*TASK INPUT:*
═══

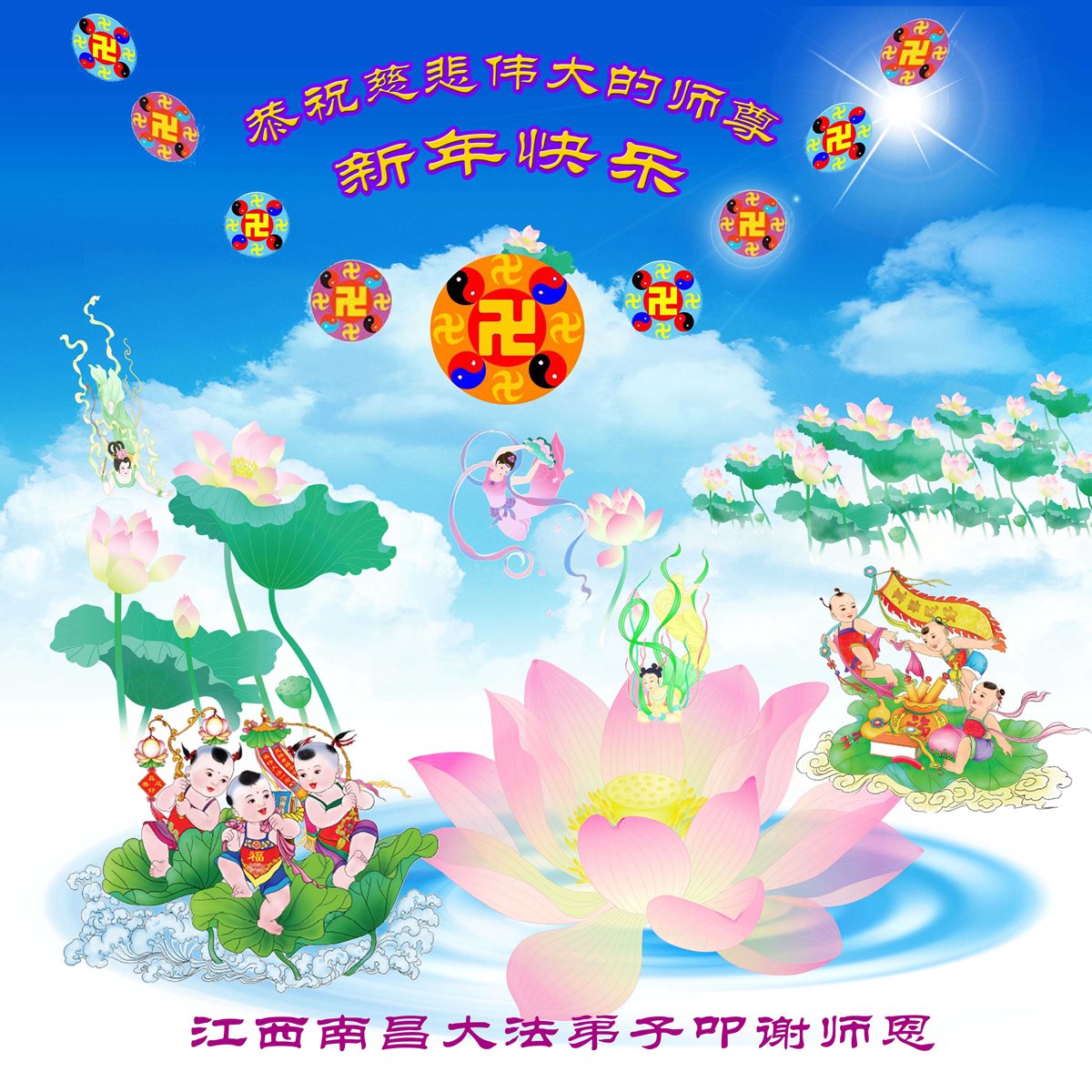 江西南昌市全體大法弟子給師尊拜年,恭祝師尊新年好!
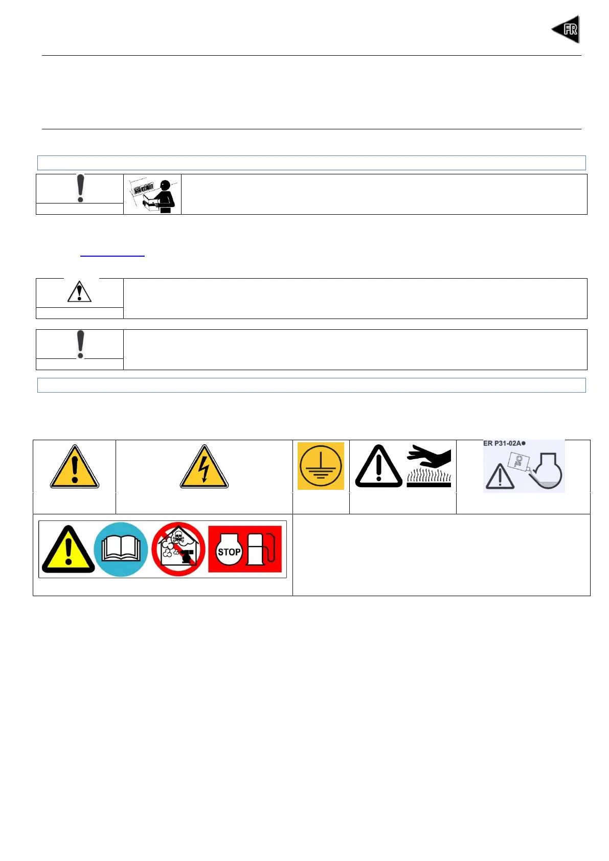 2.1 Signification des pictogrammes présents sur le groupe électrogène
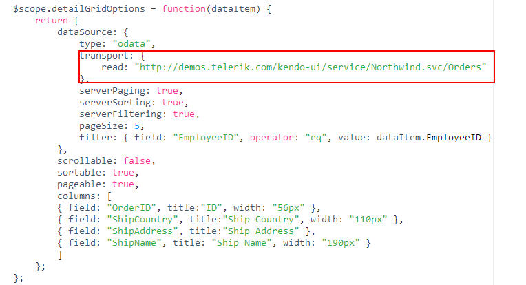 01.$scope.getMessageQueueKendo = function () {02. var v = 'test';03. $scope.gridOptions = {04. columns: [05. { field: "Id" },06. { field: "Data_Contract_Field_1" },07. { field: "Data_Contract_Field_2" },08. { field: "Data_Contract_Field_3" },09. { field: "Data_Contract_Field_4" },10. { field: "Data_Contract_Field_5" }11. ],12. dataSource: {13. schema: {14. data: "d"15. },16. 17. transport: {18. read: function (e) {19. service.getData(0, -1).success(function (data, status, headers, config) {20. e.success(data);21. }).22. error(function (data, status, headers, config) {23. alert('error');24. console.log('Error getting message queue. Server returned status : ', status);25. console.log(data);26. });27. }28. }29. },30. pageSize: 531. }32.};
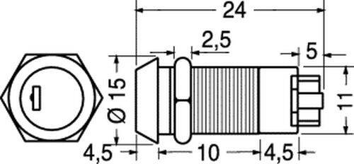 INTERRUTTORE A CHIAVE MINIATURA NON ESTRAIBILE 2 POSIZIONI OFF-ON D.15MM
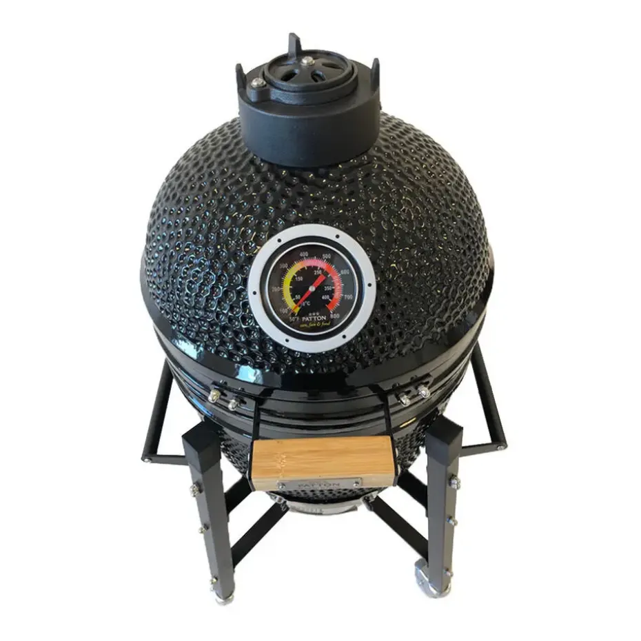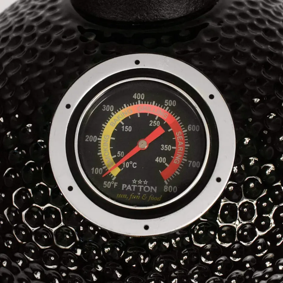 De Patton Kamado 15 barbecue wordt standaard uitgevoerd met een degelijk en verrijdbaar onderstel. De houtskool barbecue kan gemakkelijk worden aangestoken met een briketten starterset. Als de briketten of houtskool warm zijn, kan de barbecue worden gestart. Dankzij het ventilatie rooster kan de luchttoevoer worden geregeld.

═══

*WHAT THIS TASK INVOLVES:* Return nothing but the lines running from the start of the data to the line with "2.1 Signification des", please, both ends included and no pictures.

*TASK RESPONSE:*
 江西南昌市全體大法弟子給師尊拜年,恭祝師尊新年好!
 2.1 Signification des pictogrammes présents sur le groupe électrogène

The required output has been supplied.